Transcribe every line from the one containing "Cadenas textiles para" to the end of the listing, exactly as written, and leave out the pictures.

(The data)
--
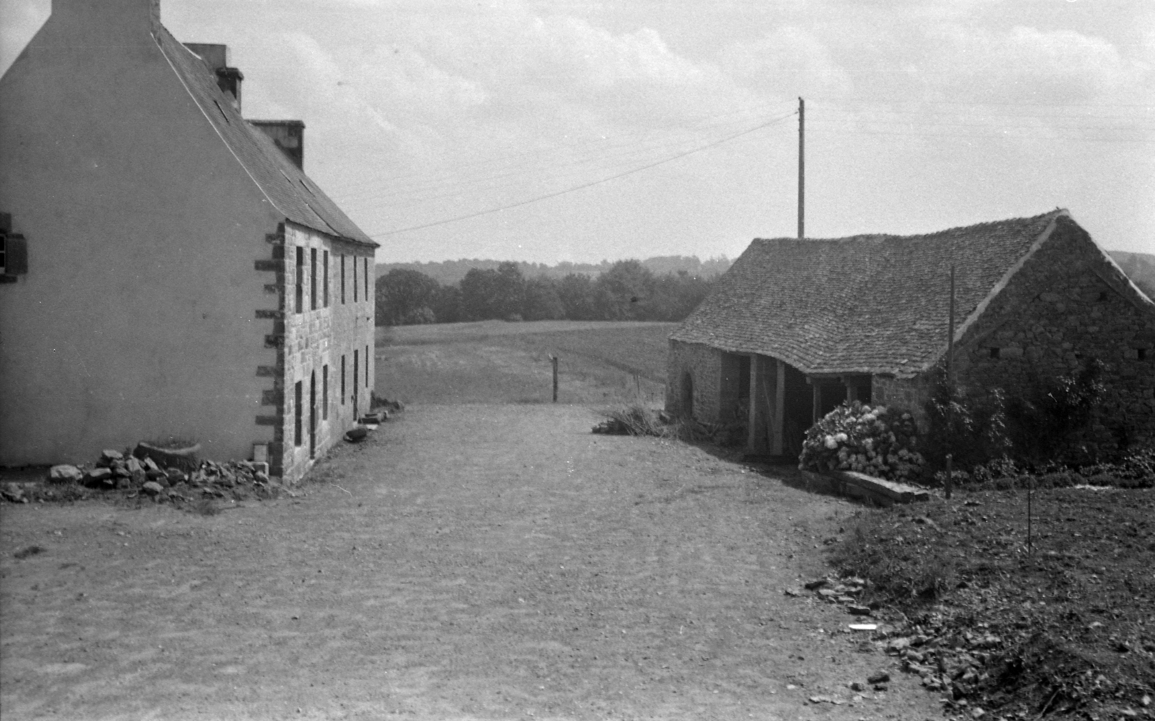 Trémel, La Villeneuve : ferme, vue générale depuis l'ouest, photographie de 1970. Face au deux logis, une remiseImmatriculation
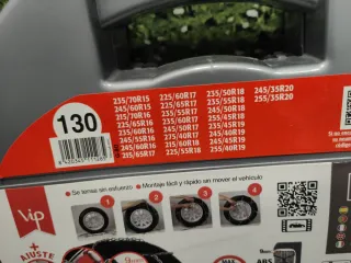 Cadenas textiles para nieve DriveTex, talla 72. Ideales para circular en condiciones de nieve o hielo. No produce vibraciones. Se puede comprobar la medida del neumático en la foto adjunta. Abiertas pero sin estrenar (me equivoqué de talla). - Montaje rápido en 3 pasos. - Incluye bolsa de almacenamiento. - Velocidad máxima recomendada: 50 km/h. - Fabricadas en poliéster.
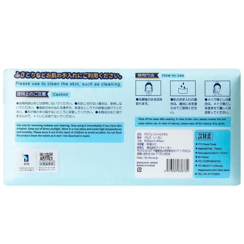 ITO クレンジングタオル フェイシャルタオル 60枚入×3個セット OEKO-TEX®認証 赤ちゃんにも優しい ITOオリジナル鮫小紋エンボス生地 敏感肌 肌荒れ対策 使い捨てタオル フェイスタオル使い捨て フェイスケア スキンケアタオル
--
(Answer to this exercise)
 Cadenas textiles para nieve DriveTex, talla 72. Ideales para circular en condiciones de nieve o hielo. No produce vibraciones. Se puede comprobar la medida del neumático en la foto adjunta. Abiertas pero sin estrenar (me equivoqué de talla). - Montaje rápido en 3 pasos. - Incluye bolsa de almacenamiento. - Velocidad máxima recomendada: 50 km/h. - Fabricadas en poliéster.
 ITO クレンジングタオル フェイシャルタオル 60枚入×3個セット OEKO-TEX®認証 赤ちゃんにも優しい ITOオリジナル鮫小紋エンボス生地 敏感肌 肌荒れ対策 使い捨てタオル フェイスタオル使い捨て フェイスケア スキンケアタオル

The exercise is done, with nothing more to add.